In the data below, the copy begins at the line containing "Господарники Вінниччини до" and runs through the last line; repeat those lines exactly, minus the pictures.

_Supplied entries_:
____
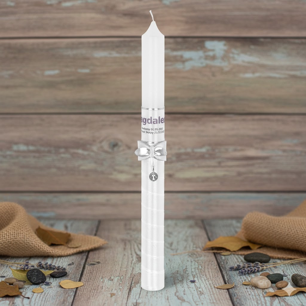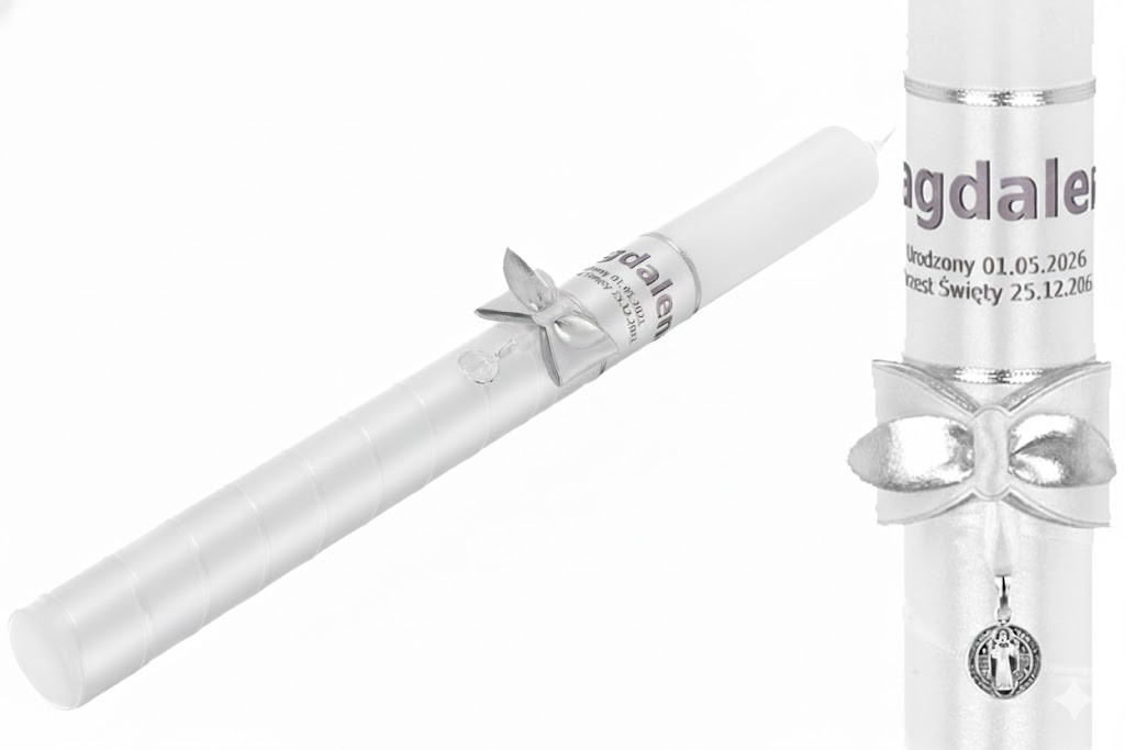 Ręcznie zdobiona świeca chrzcielna z imieniem dziecka i datą uroczystości, ozdobiona srebrnym medalikiem św. Benedykta (srebro 925). To wyjątkowy znak wiary i duchowej opieki, który towarzyszyć będzie dziecku od dnia Chrztu Świętego przez całe życie.
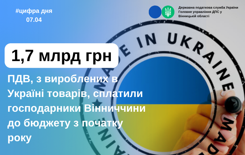 Господарники Вінниччини до бюджету у січні-березні 2026 року сплатили 1,7 млрд грн ПДВ, з вироблених в Україні товарів.
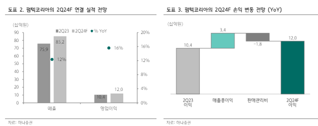 하나증권에 따르면, 펌텍코리아의 2분기 매출액은 852억 원으로 전년 대비 12% 증가하고, 영업이익은 120억 원으로 16% 늘어 분기 최대 실적 기록할 것으로 추정된다.
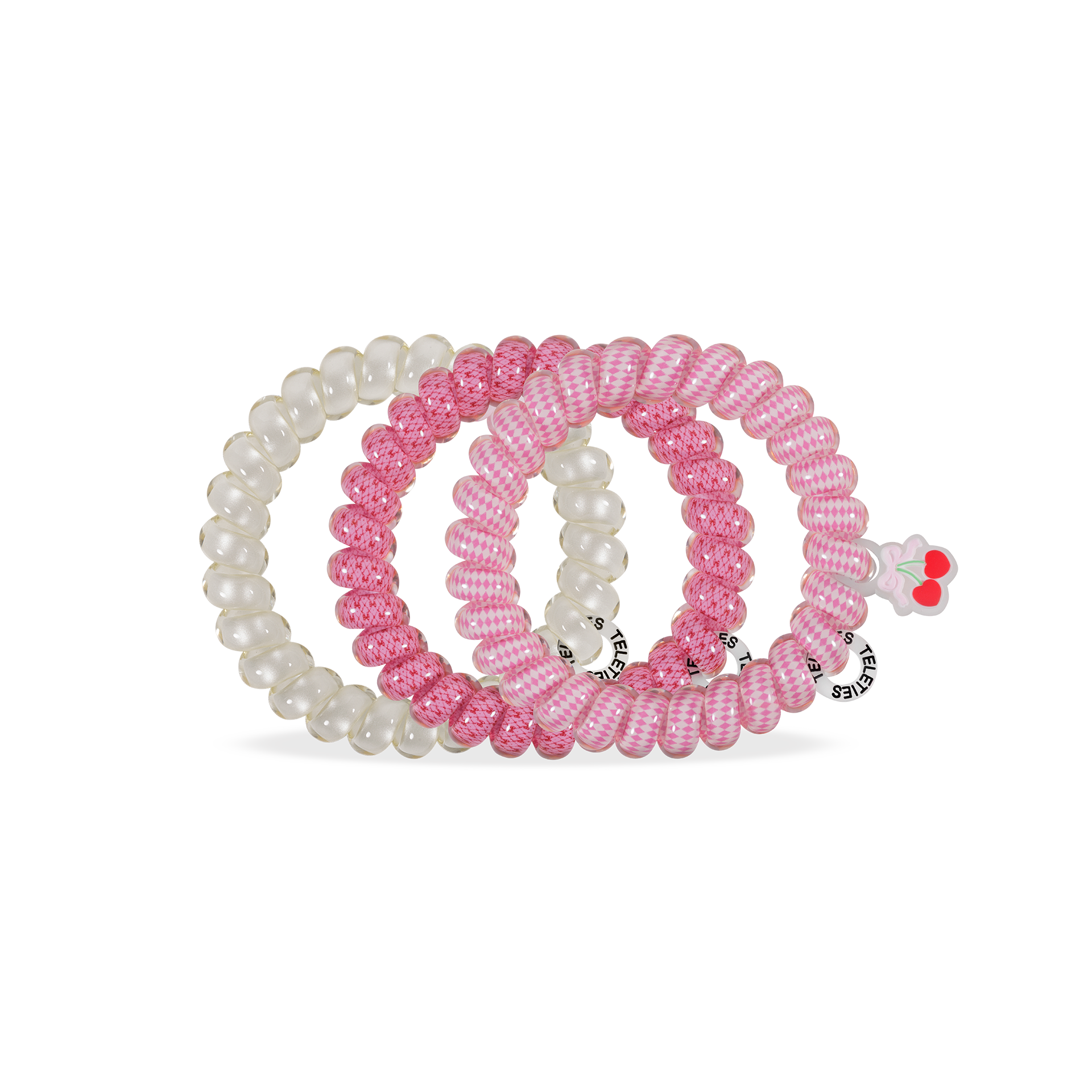 Cherry Bomb Large Hair Ties in Pink offer a strong grip without damage, doubling as a chic wrist accessory when not in use. Your new favorite hair essentials all year round. Strong grip, no rip design for all-day hold Doubles as a stylish bracelet Durable and waterproof for all occasions Gentle on hair—prevents breakage, headaches, and creases Sold in packs of three.
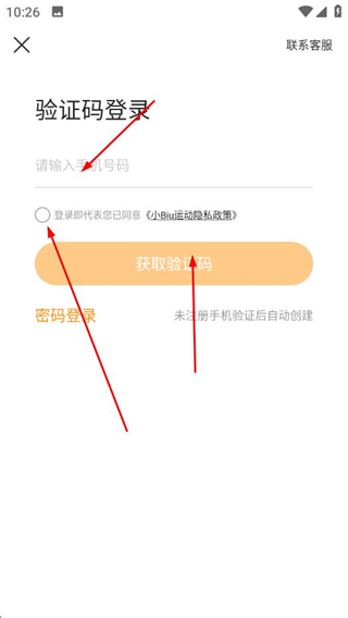 1、打开小Biu运动APP,输入手机号码,勾选隐私政策,点击获取验证码。
____
_Solution to the exercise_:
 Господарники Вінниччини до бюджету у січні-березні 2026 року сплатили 1,7 млрд грн ПДВ, з вироблених в Україні товарів.
 하나증권에 따르면, 펌텍코리아의 2분기 매출액은 852억 원으로 전년 대비 12% 증가하고, 영업이익은 120억 원으로 16% 늘어 분기 최대 실적 기록할 것으로 추정된다.
 Cherry Bomb Large Hair Ties in Pink offer a strong grip without damage, doubling as a chic wrist accessory when not in use. Your new favorite hair essentials all year round. Strong grip, no rip design for all-day hold Doubles as a stylish bracelet Durable and waterproof for all occasions Gentle on hair—prevents breakage, headaches, and creases Sold in packs of three.
 1、打开小Biu运动APP,输入手机号码,勾选隐私政策,点击获取验证码。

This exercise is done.